Search code examples
distributed-computingcloudflareserverlesscloudflare-workers

What are the use cases to store ReadableStream in the distributed data store like Cloudflare Workers KV?


Cloudflare's own globally distributed data store – Workers KV – can accept data of three "types": string, ArrayBuffer and ReadableStream.

While the use cases for the former two are clear enough, I am struggling to figure out how stored ReadableStream could be useful. I am familiar with the concept: using it you can "stream" different values over time, but what is the deal to put this in the data store? What are typical scenarios?


Solution

  • The difference between passing a string, ArrayBuffer, or ReadableStream is not what data is stored, but rather how the data gets there. Note that you can store data as a string and then later read it as an ArrayBuffer or vice versa (strings are converted to/from bytes using UTF-8). When you pass a ReadableStream to put(), the system reads data from the stream and stores that data; it does not store the stream itself. Similarly, when using get(), you can specify "stream" as the second parameter to get a ReadableStream back; when you read from this stream, it will produce the value's content.

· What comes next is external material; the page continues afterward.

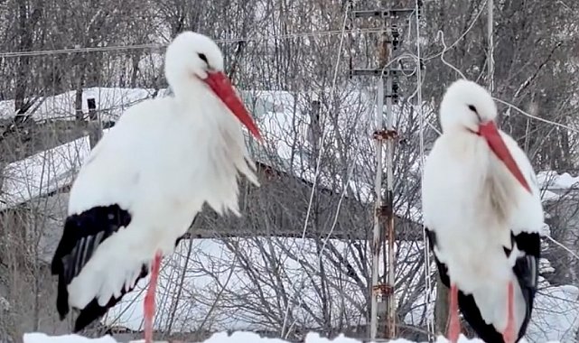 ERZİNCAN merkeze bağlı Kilimli köyünü mesken tutan leylekler, kışı göç etmeyip, burada geçirdi.Merkeze bağlı Kilimli köyünü mesken tutan leylekler, yaz kış yuvalarını terk etmiyor. Erzincan Doğa Koruma ve Milli Parklar Şube Müdürlüğü tarafından dronla kayıt altına alınan leyleklerin görüntüleri, Doğa Koruma Milli Parklar Genel Müdürlüğü tarafından sosyal medya hesabından paylaşıldı. Paylaşımda, "Kim gidecek şimdi onca yolu. Bazı leylekler göçü sevmez. Belki de Erzincan Kilimli köyü sakinlerini çok misafirperver gördüklerinden gidemezler. Genel Müdürlük olarak pek çok kuş türünün göçünü takip ederken bu leyleklerimizin kalışını izliyoruz" ifadeleri kullanıldı.

    The main case where you would want to use streams is when you want to directly store the body of an HTTP request into a KV value, or when you want to directly return a KV value as the body of an HTTP response. Using streams in these cases avoids the need to hold the entire value in memory all at once; instead, bytes can stream through as they arrive.

    For example, instead of doing:

    // BAD
    let value = await request.text();
    await kv.put(key, value);
    

    You should do this:

    // GOOD
    await kv.put(key, request.body);
    

    This is especially important when the value is many megabytes in size. The former version would read the entire value into memory to construct one large string (including decoding UTF-8 to UTF-16), only to immediately write that value back out into a KV (converting UTF-16 back to UTF-8). The latter version copies bytes straight from the incoming connection into KV without ever storing the whole value in memory at once.

    Similarly, for a response, instead of doing:

    // BAD
    let value = await kv.get(key);
    return new Response(value);
    

    You can do:

    // GOOD
    let value = await kv.get(key, "readableStream");
    return new Response(value);
    

    This way, the response bytes get streamed from KV to the HTTP connection. This not only saves memory and CPU time, but also means that the client starts receiving bytes faster, because your Worker doesn't wait until all bytes are received before it starts forwarding them.